Hair replacement procedures have been around for a long time, but due to advances in hair restoration technology and procedures, there is a resurgent focus on hair restoration in the aesthetic space. As with any popular procedure, high focus equals high volume, which can equal high revenue for an aesthetic practice. The downside to such “hot” procedures is that, due to a lack of understanding and good old fashioned corner cutting, not all hair restoration procedures are created equal. In fact, in terms of safety and quality, hair restoration suffers from many of the same issues that face other common, popular medical cosmetic procedures.

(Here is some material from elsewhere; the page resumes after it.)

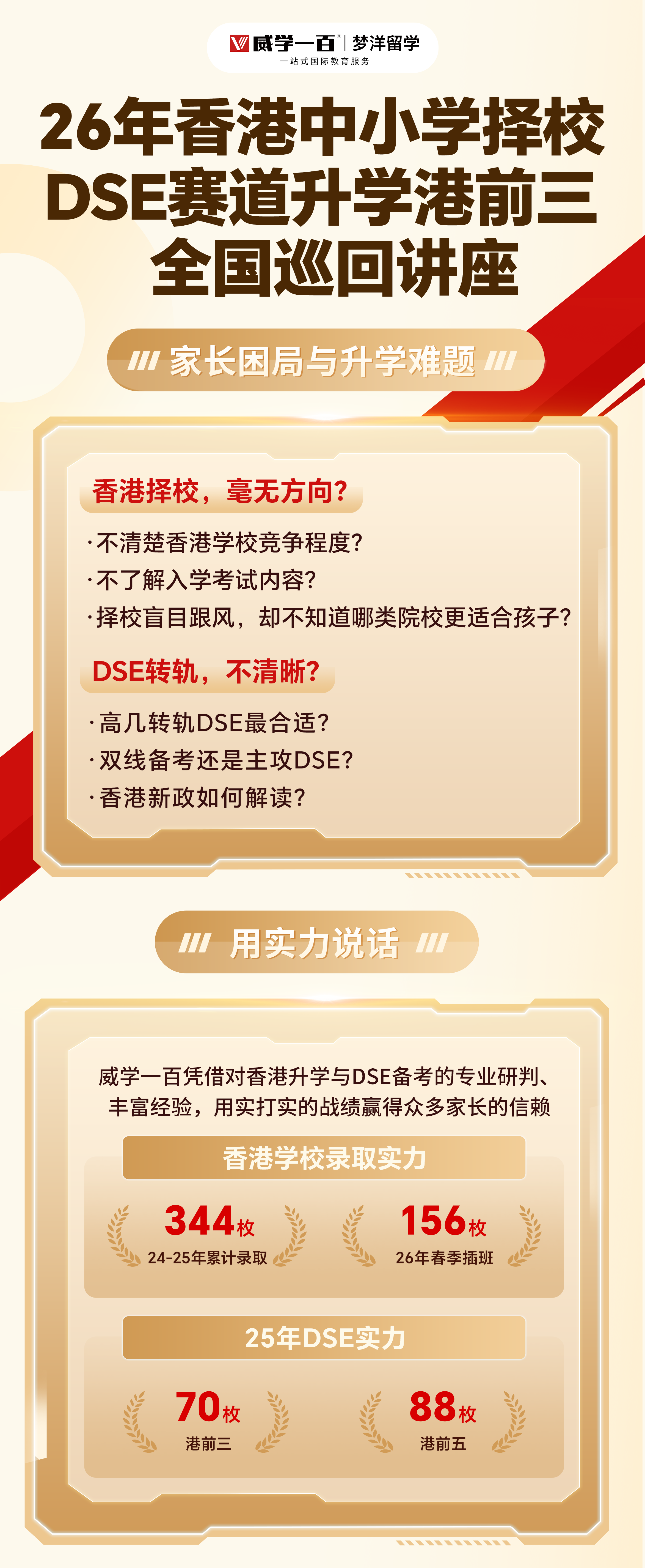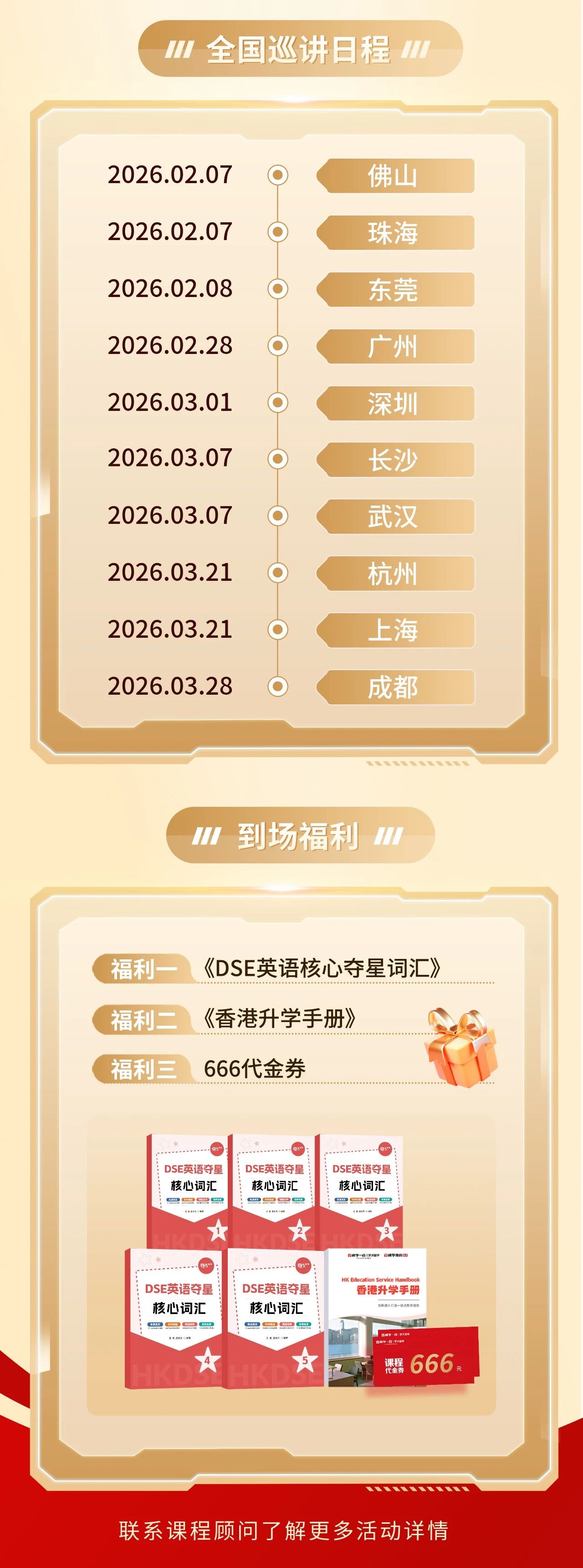 2月7日开启!26年香港中小学择校&DSE赛道升学港前三全国巡讲,与名师天团面对面!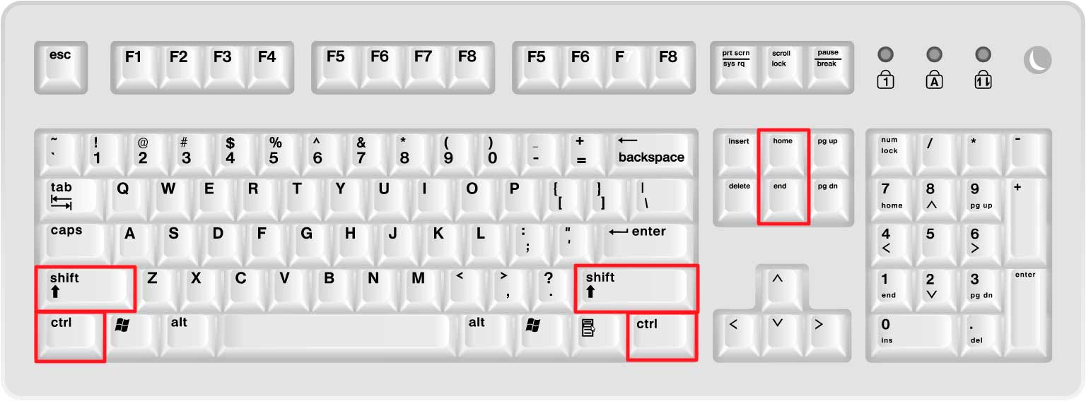 Если же вам нужно выделить не все файлы в папки, а только некоторые из них, то для этого можно использовать клавиши CTRL, ПРОБЕЛ и стрелки. Расположение этих клавиш на клавиатуре отмечено на картинке внизу.

So, if offering hair restoration in your aesthetic practice, here’s what you need to know about hair restoration laws:
Practice of Medicine. As is often the case in aesthetic procedures, people often overlook the fact that hair restoration procedures constitute the practice of medicine and should be performed or supervised by qualified physicians. There are two methods for harvesting the hair follicles that will be used to seed the balding areas: follicular unit transplantation (“FUT”) and follicular unit extraction (“FUE”). While this article will not deep-dive into the hair restoration process, it is important to understand that both FUT and FUE are invasive and seek to remedy a physical condition in the body. The former requires a strip of scalp skin to be excised via scalpel and the latter requires tiny holes to be made in the patient’s scalp with a blade or needle. As we so often reiterate, if a procedure penetrates, pierces, or affects below the epidermis, it is likely considered the practice medicine. This holds true for hair restoration, especially when considering the goal of the treatment is to remedy a physical condition that impacts many men and women.
The reason it is important to understand that hair restoration constitutes the practice of medicine is that this informs initial patient contact and supervision and delegation of the procedure. Specifically, patients seeking hair restoration will need to have an initial consult appropriate to the procedure and physicians will need to carefully consider the required competence and levels of supervision if they choose to delegate the procedure.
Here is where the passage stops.